Duluth does not have a suitable stadium for professional baseball. The present athletic park, privately owned and used by Duluth's professional team, has too small a capacity, the seats are unsuitable, the sanitary facilities are seriously inadequate and the playing field is smaller than regulation size. ...

Chantigney gathered more than 7,500 signatures to place a construction bond measure on the November, 1938, ballot. After voters approved the bond measure, money was gathered over the next two years from bond sales, the state of Minnesota, and the WPA. The site selected for the new stadium was located directly across Grand Avenue from Athletic Park.

A construction budget totaling $163,232 was set. But, due to cost overruns, the final cost of the stadium was $230,880. During construction, the project received several bailouts. One bailout came from Duluth's newly elected mayor, Edward H. Hatch, who purchased the materials needed to finish construction.

The stadium's original name was Duluth All-Sports Municipal Stadium. It was renamed Wade Municipal Stadium in 1954 in honor of former Duluth Dukes owner Frank Wade, who died in 1953.

In 1971, the ABC News-produced television show Discovery aired an episode called Part Way to the Majors, which chronicled the 1970 Dukes as well as other Northern League teams. Wade Stadium was featured prominently in that special, showing a glimpse of the final year of affiliated baseball at the Wade.

===Tenancy===
The Duluth Dukes played their first game in the new stadium on July 16, 1941. Their first opponent was their local rival, the Superior Blues. When the Blues folded in 1955, the Dukes (known as the White Sox during the 1956–59 seasons) became the Duluth–Superior Dukes. The original Dukes played in Wade Stadium from 1941 through the 1970 season. The only break came during the 1943-45 seasons when the Northern League suspended play due to World War II. The stadium was the home of three teams in the Twin Ports League, the only Class E league in the history of baseball, in 1943.

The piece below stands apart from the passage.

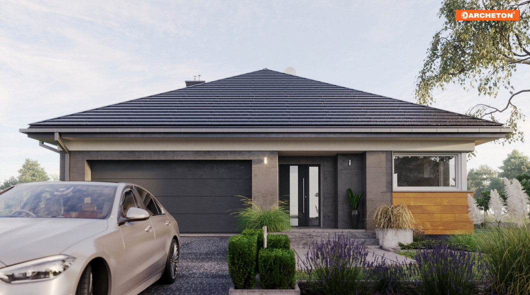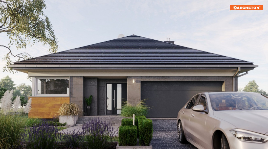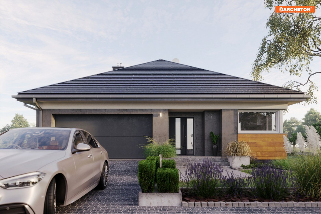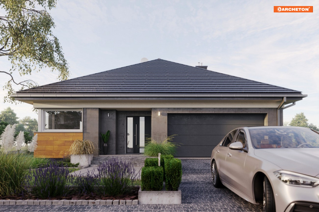 Dom parterowy z garażem w bryle budynku Adela zachwyca przemyślanym projektem i atrakcyjnym wyglądem. Czterospadowy dach wieńczy prostą bryłę, której uroku dodają drewniana okładzina i tynk o strukturze betonu. Dwustanowiskowy garaż wkomponowany w budynek zapewnia wygodę, a szybkie przejście przez wiatrołap ułatwia codzienne funkcjonowanie.

When television began carrying Major League Baseball games in the 1950s, minor league baseball suffered from a drop in advertising revenue. Many of the smaller minor leagues around the country folded. The Northern League became one of these casualties when it was announced prior to the 1971 season that it was ceasing operations. After the original Northern League disbanded, the stadium was rarely used over the next twelve years. It was being threatened with demolition when the newly created Northern League awarded Duluth a franchise in 1993. The Stadium has had a tenant every year since. When the Dukes moved out of the Stadium in 2002, the void was filled almost immediately by the Huskies.